The court observed: “Section 26A does not vest the Central government with a carte blanche to regulate, restrict or prohibit the manufacture, sale or distribution of a drug…. The Central government can exercise power thereunder only when satisfied that the drug involves risk to the consumers thereof or does not have any therapeutic value or contains ingredients of which there is no therapeutic justification ‘and’ that in public interest it is necessary or expedient to regulate, restrict or prohibit that drug.” The bench also relied on a Supreme Court judgment ( Vincent Panikulangara vs Union of India, 1987 ), which involved the demand for a ban on 7,000 FDCs on the grounds of being injurious to public health.
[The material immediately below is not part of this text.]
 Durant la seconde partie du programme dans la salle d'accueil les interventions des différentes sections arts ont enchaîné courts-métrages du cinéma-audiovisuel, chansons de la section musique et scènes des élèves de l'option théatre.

The court had held that “it was beyond judicial review to determine whether the FDCs… were indeed injurious to public health”.
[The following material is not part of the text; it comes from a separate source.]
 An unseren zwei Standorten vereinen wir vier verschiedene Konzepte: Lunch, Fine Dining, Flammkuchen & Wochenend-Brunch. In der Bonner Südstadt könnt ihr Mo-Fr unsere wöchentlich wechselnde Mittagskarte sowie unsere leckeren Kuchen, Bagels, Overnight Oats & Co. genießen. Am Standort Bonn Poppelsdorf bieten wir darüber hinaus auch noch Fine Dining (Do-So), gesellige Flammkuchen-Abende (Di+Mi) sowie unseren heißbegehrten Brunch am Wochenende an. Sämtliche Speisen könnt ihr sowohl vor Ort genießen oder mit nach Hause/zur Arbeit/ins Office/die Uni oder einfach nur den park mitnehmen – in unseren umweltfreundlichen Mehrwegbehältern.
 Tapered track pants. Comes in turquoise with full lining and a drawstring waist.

The High Court referred to the fact that the Supreme Court found that the government did not accept the Hathi Committee report (1974), which highlighted “the havoc played by multinational corporations in the Indian scene and pleaded for nationalising the drug industry in the best interests of the Indian people”. Subsequently, a subcommittee constituted by the DCC recommended the banning of 20 FDCs in 1980-81. Despite directions from the Central Drugs Controller to State authorities to enforce the ban, the drugs were still found in the market.
Initial arguments revolved around the question whether FDCs were “new drugs” and that if they were not, whether they would require the approval of the Drug Controller. The government held that they were new drugs and that of the 344 banned FDCs, only three or four had the approval of the Drugs Controller and four or five FDCs, which found mention in the Indian Pharmacopeia, were not part of the banned list. The court did not enter the area of the legitimacy of manufacturing licences given to the pharmaceutical companies. It was pointed out that the Drugs Act did not have any substantive provision regarding controlling and regulating the manufacture of drugs. The court held that it could adjudicate on the decision-making process but not on the decision itself.
Medicines account for almost 70 per cent of health-care expenses, and the expensive FDCs would be a drain on the already sparse incomes of individuals. The JSA said some of the cough syrups listed in the ban order were used as addictive substances and not as therapeutic agents. It cited several cases filed for smuggling Phensedyl, considered an addictive cough syrup.